**Recorded data:**
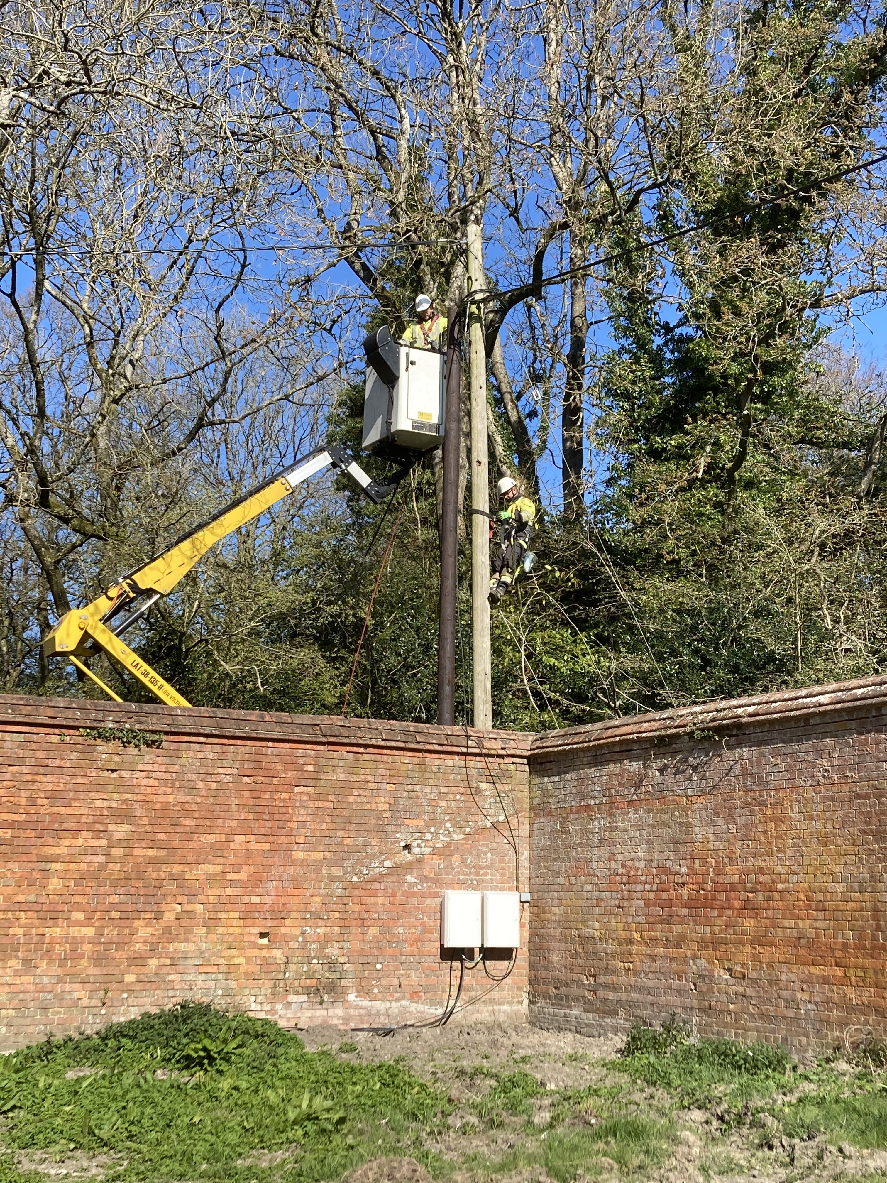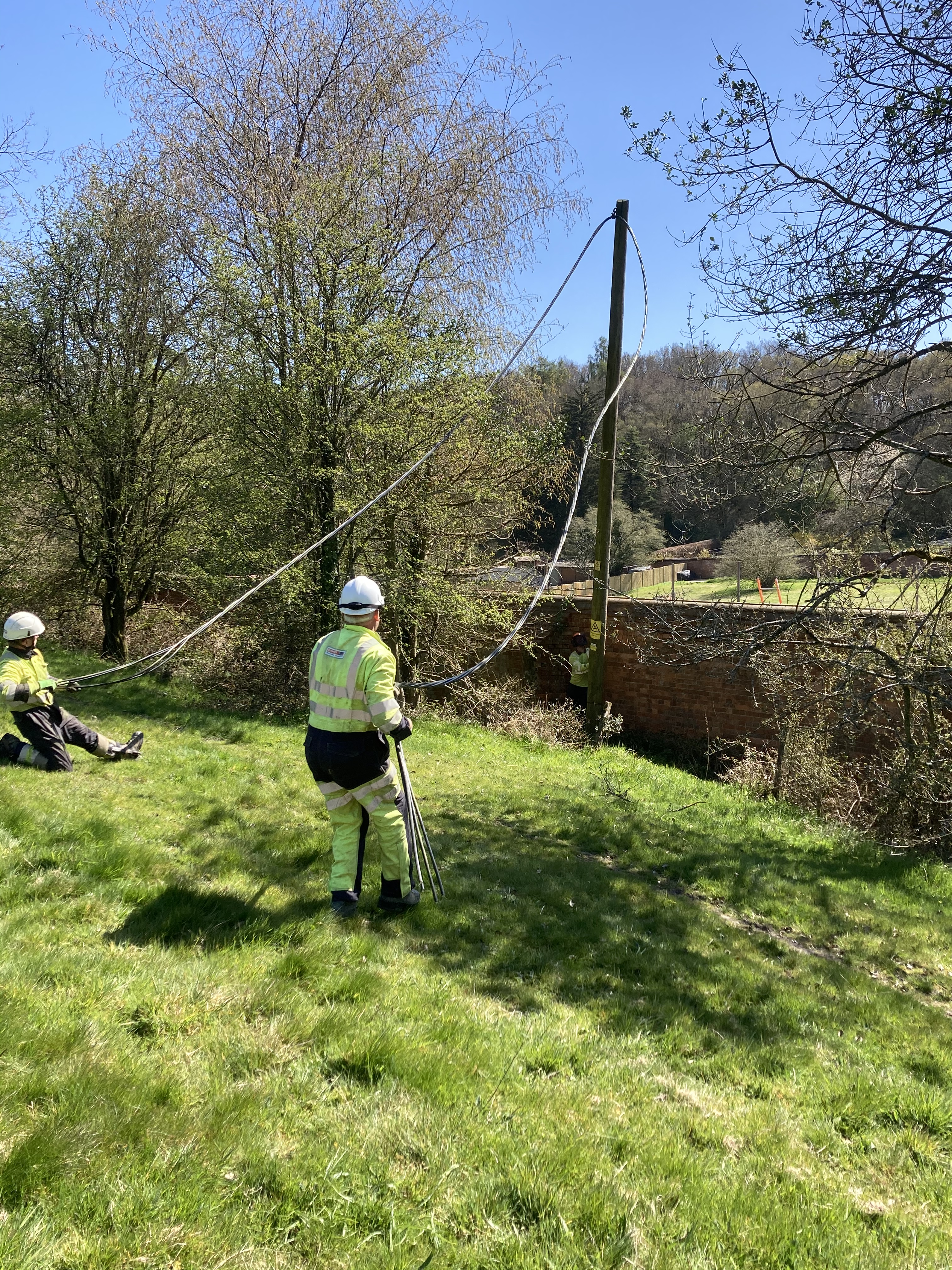 So today was the big day. Hoards of Connect IT chaps were back to connect up the two ends of the new cable and remove the redundant poles and cable. They were business-like and proficient, with numerous vehicles and bits of kit. What seemed like a big deal to us must be the equivalent of re-wiring a plug to them – the wires and fuses are just a bit bigger!
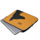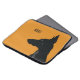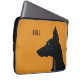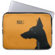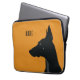 A minimalist laptop sleeve design for dog owners or lovers which has been put on yellow background. The design introduces a silhouette of a black Doberman accompanied with the default customisable thanks.
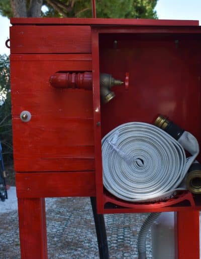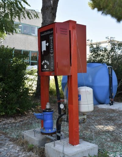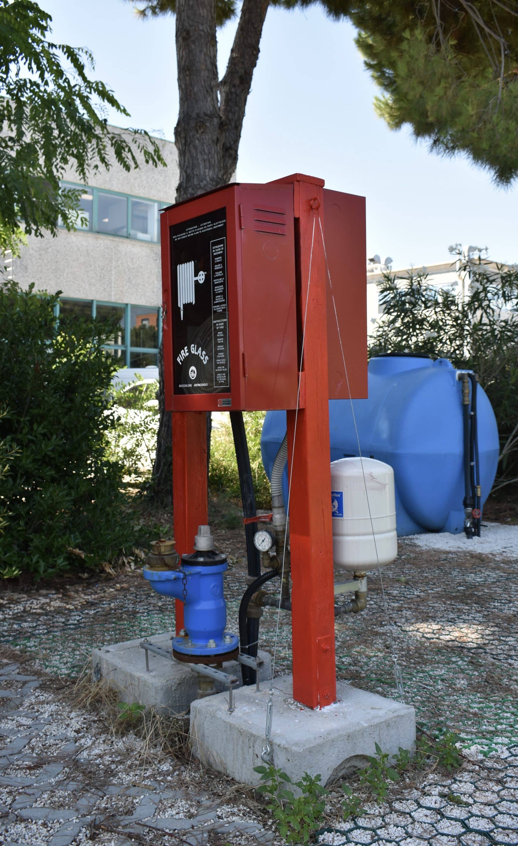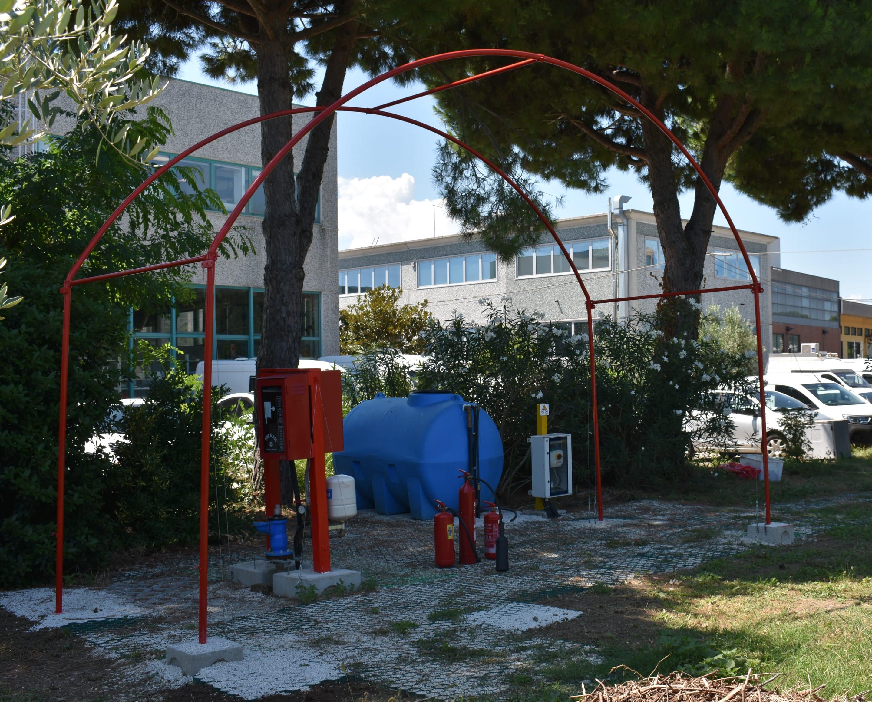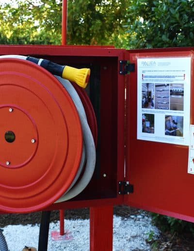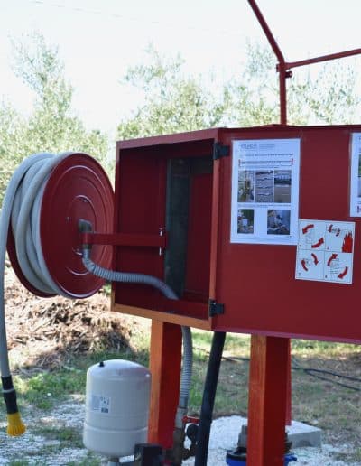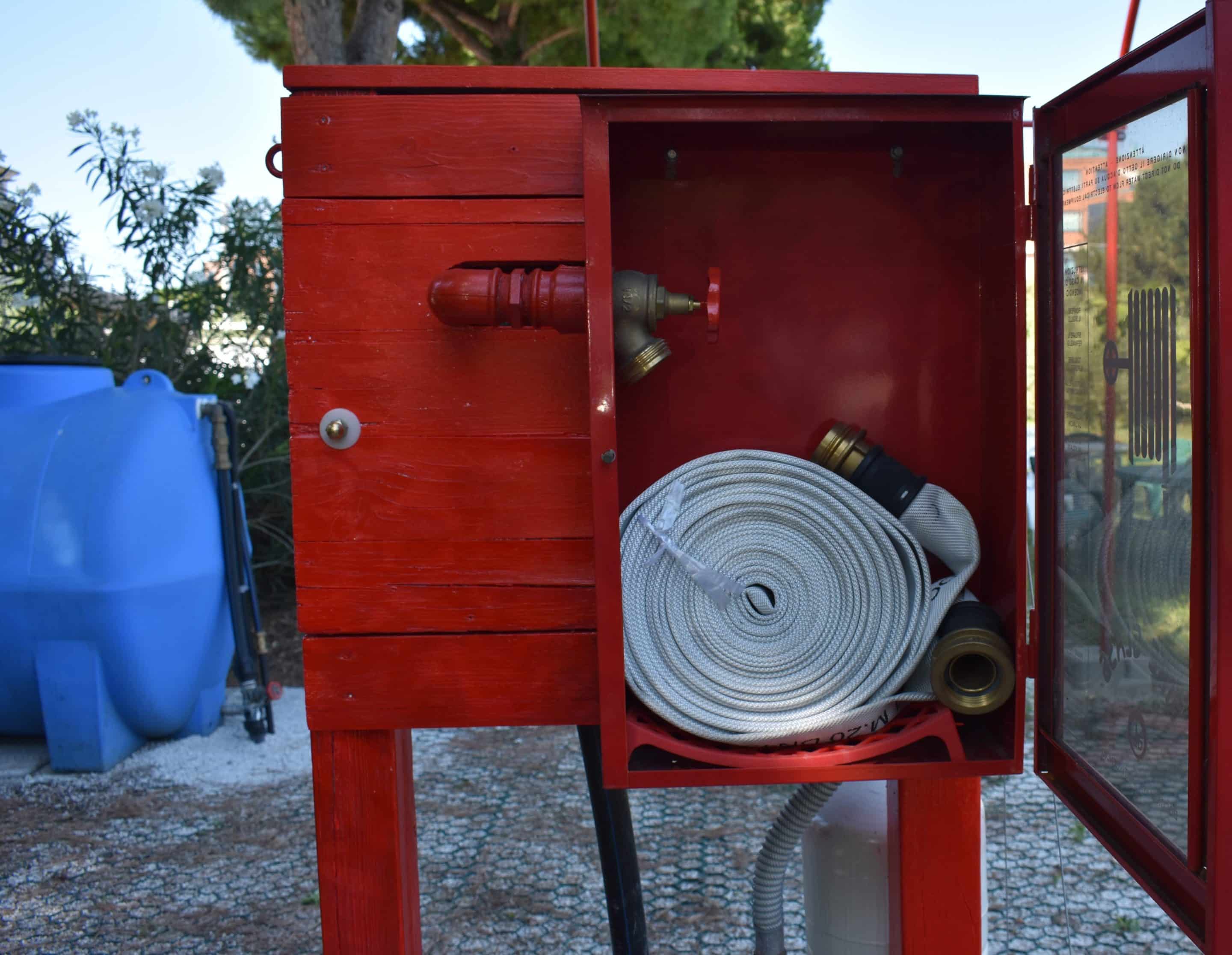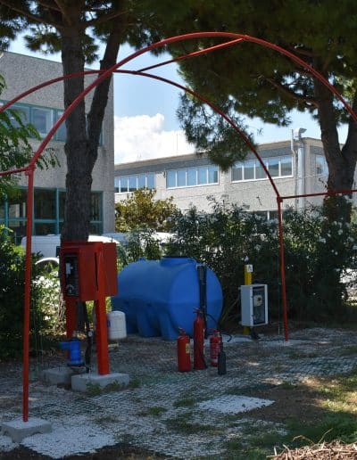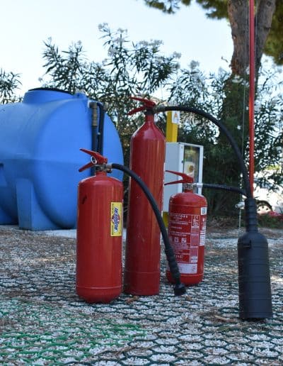 Il campo è dotato delle seguenti strutture ed attrezzature: idranti sottosuolo, manichette, naspo antincendio, vasca per la simulazione dello spegnimento di incendi, estintori a CO₂, estintori a polvere ed estintori ad acqua.

**What to produce:**
Everything in the listing is to be returned word for word, except the pictures.

**Task solution:**
 So today was the big day. Hoards of Connect IT chaps were back to connect up the two ends of the new cable and remove the redundant poles and cable. They were business-like and proficient, with numerous vehicles and bits of kit. What seemed like a big deal to us must be the equivalent of re-wiring a plug to them – the wires and fuses are just a bit bigger!
 A minimalist laptop sleeve design for dog owners or lovers which has been put on yellow background. The design introduces a silhouette of a black Doberman accompanied with the default customisable thanks.
 Il campo è dotato delle seguenti strutture ed attrezzature: idranti sottosuolo, manichette, naspo antincendio, vasca per la simulazione dello spegnimento di incendi, estintori a CO₂, estintori a polvere ed estintori ad acqua.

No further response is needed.